The analysis of behavioral data has shown that 20 s epochs yield an optimal pattern of high variance and multiple maxima and minima needed for subsequent image analysis (Kircher et al, 2000). On the second-level analysis, one-sample t-tests were performed to examine differences between conditions. In order to test whether speech production during S-ketamine vs placebo was associated with the temporal lobe, we performed a region of interest (ROI) analysis based on the coordinates reported in an earlier study of our group (Kircher et al, 2002a, 2002b), where patients with schizophrenia and healthy subjects were compared during a similar task, RH ROIs: STG (x=46, y=−25, z=9), MTG (x=58, y=−25, z=4), and ITG (x=40, y=−6, z=−24) (coordinates refer to peak voxel activations). Furthermore, an exploratory whole-brain analysis was run to detect brain regions being associated with S-ketamine-induced neural responses. Brain activations were plotted on the anatomical SPM template.
Results
Behavioral Results
Psychopathology
S-ketamine elicited psychopathological symptoms, measured outside the scanner, similar to those generally seen in patients with schizophrenia (PANSS pos. mean 11.93, SD 1.75; PANSS neg. 18.20, SD 5.13; PANSS gen. 22.67, SD 2.53; PANSS total 52.80, SD 7.10) (Kay et al, 1987).
Word count
Significantly more words were produced within the 20 s fMRI epochs during the placebo session (mean per 20 s=36.40; SD=11.13) as compared with the S-ketamine session (mean=28.98; SD=11.97) (Wilcoxon test: z=−2.56; p=0.01). No effect of order (conditions: ketamine or placebo) on the number of words produced was found (Pearson’s χ2: p=0.41).
TLI ratings
During fMRI scanning, the TLI factor Disorganized thought/language was significantly increased in the S-ketamine vs placebo session (z=1.93, p=0.05, Figure 1). A trend to significance was found for the factor score Impoverished thought/language (z=1.86, p=0.06, Figure 1). Nonspecific Dysregulation did not differ between the sessions (z=0.15, p=0.88, Figure 1).
Imaging results
Rate of articulation: whole-brain conjunction analysis across both sessions. Brain regions where BOLD responses correlated positively with the amount of speech produced during both sessions (KET and PLA, conjunction analysis) comprised the bilateral precentral and postcentral as well as the bilateral superior temporal regions (see Figure 2). The cluster of activation in the left temporal lobe encompassed the superior temporal gyrus, the middle temporal gyrus, as well as the inferior part of the parietal lobe. The right-hemispheric cluster of activation extended from the precentral region to the right superior temporal gyrus. Moreover, bi-hemispheric positive correlations in the cerebellum as well as in the left middle frontal gyrus (SMA) were detected.

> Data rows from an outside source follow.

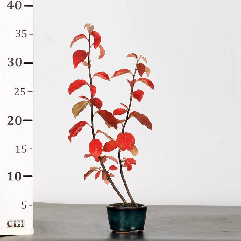 Le cognassier "cydonia oblonga" est un petit arbre fruitier idéal pour la culture en bonsaï. Il est facile à former et à ligaturer, ce qui le rend parfait pour les débutants. Son feuillage prend de belles teintes rouges et orangées à l’automne, et avec de bons soins, il peut fleurir et produire de jolis fruits parfumés au bout de quelques années.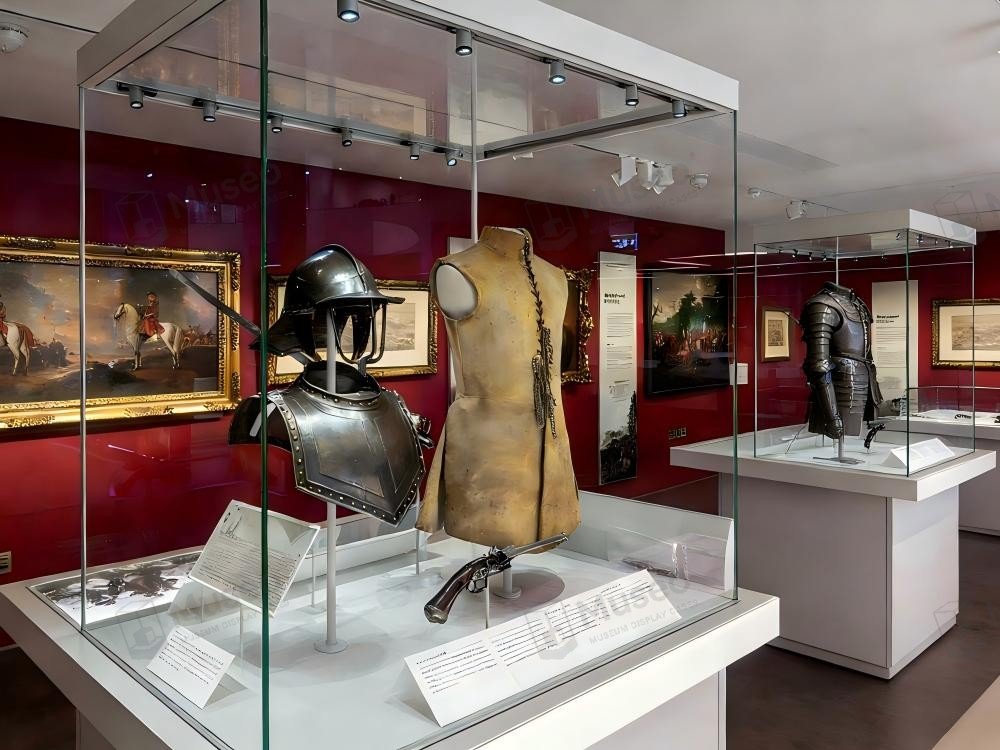 This is a custom-designed minimalist white freestanding display case. The cabinet features a pristine white base, enclosed by full-height, high-transparency anti-glare glass. Positioned independently within the exhibition hall, it aligns perfectly with the museum’s modern, minimalist exhibition style while allowing exhibits such as metal armor and weaponry to become the visual focal point.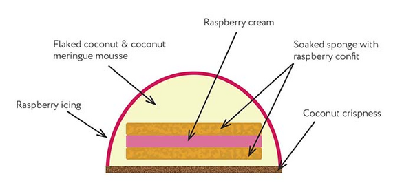 Warm the raspberry puree and the raspberry breakings. At 40°C,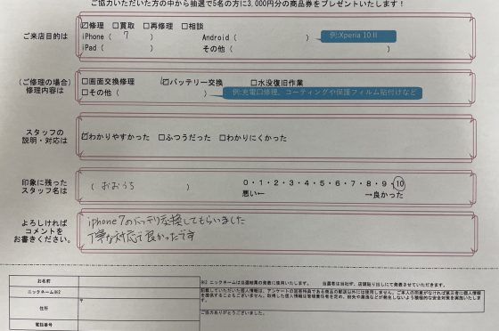 【お客様の声】iPhone7のバッテリーを交換させていただきました!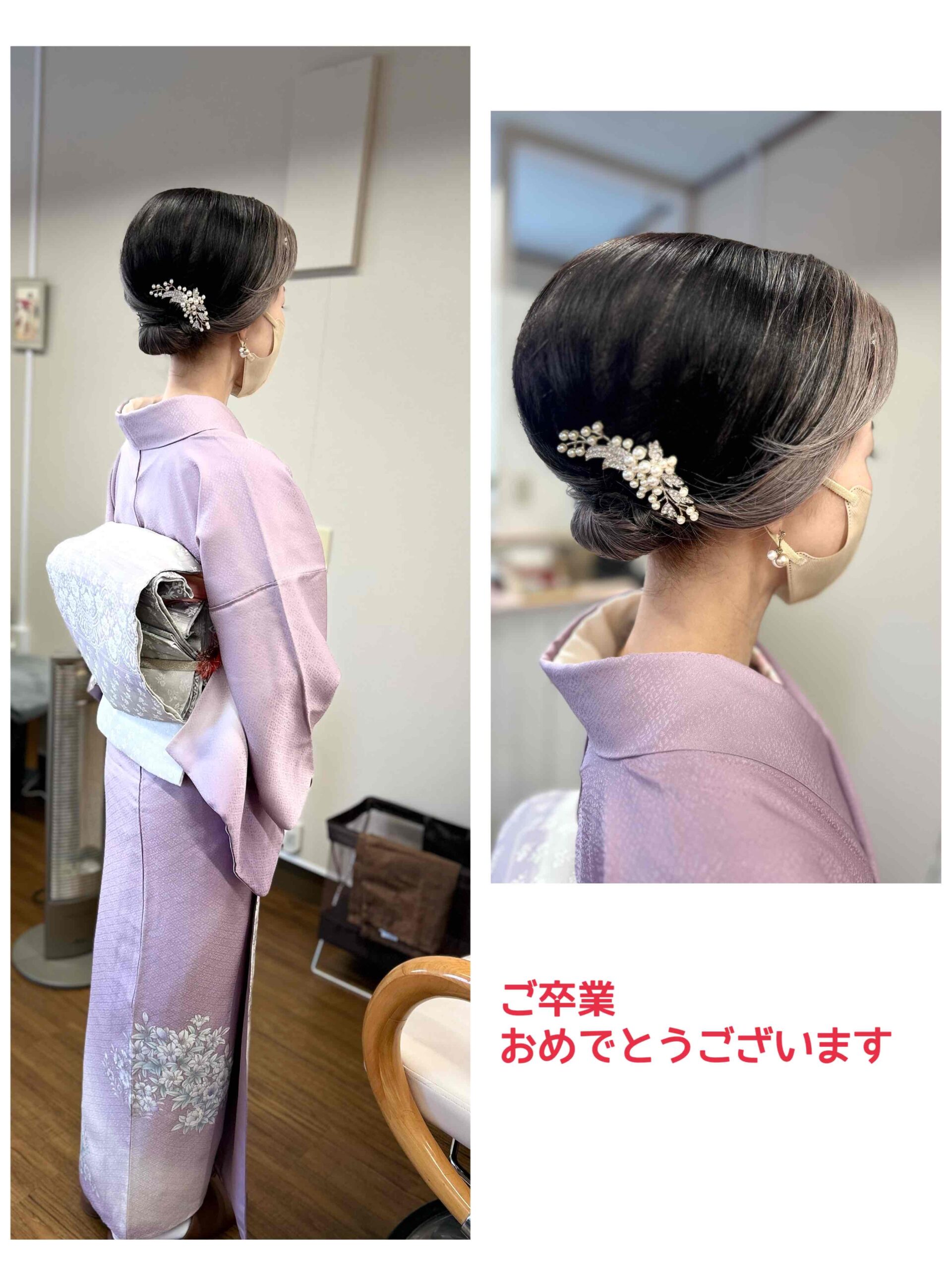 卒業式にご出席されるお母様の 訪問着の着付けとヘアセットをさせていただきました。

Top, experimental setup: Speech production (each TAT picture: 180 s) and baseline resting (fixation cross: 30 s) phase. For the analysis each speech production phase (7 pictures × 180 s=1.260 s) was subdivided into 20 s blocks (63 in total) and correlated with the BOLD effect. Middle panel: Overlay image of brain regions activated in connection with a higher amount of speech production during placebo (PLA=blue) and ketamine (KET=green) (p<0.001, Ke=10 v). Lower panel: Brain regions activated in both sessions together (PLA ∩ KET conjunction analysis, p<0.001, Ke=10 v). A full color version of this figure is available at the Neuropsychopharmacology journal online.
ROI Analysis
The rate of articulation was correlated with the BOLD effect in the PLA and KET sessions. In a next step, differences between sessions were calculated. The ROI analyses revealed two clusters of statistical differences, one in the right inferior temporal gyrus (activation peak: x=52, y=6, z=−36, t=5.15, Ke=28) and the other in the right middle temporal gyrus extending to the superior temporal gyrus (activation peak: x=58, y=−34, z=−4, t=4.57, Ke=9).
In addition, no order effects of condition (ketamine or placebo) were detected on the level of brain activation (MTG: p=0.36, ITG: p=0.41, Hippocampus: p=0.45).
Whole-Brain Analysis
In the S-ketamine vs placebo session, higher amount articulation revealed enhanced neural responses in the right inferior and middle temporal gyri, the left superior occipital gyrus, the left calcarine gyrus, as well as the left hippocampal and the right inferior parietal region. The cluster in the right inferior temporal gyrus extended to the medial temporal region. The inverse contrast (PLA>KET) revealed activations in the bilateral cerebellum and in the right angular gyrus (Table 1 and Figure 3).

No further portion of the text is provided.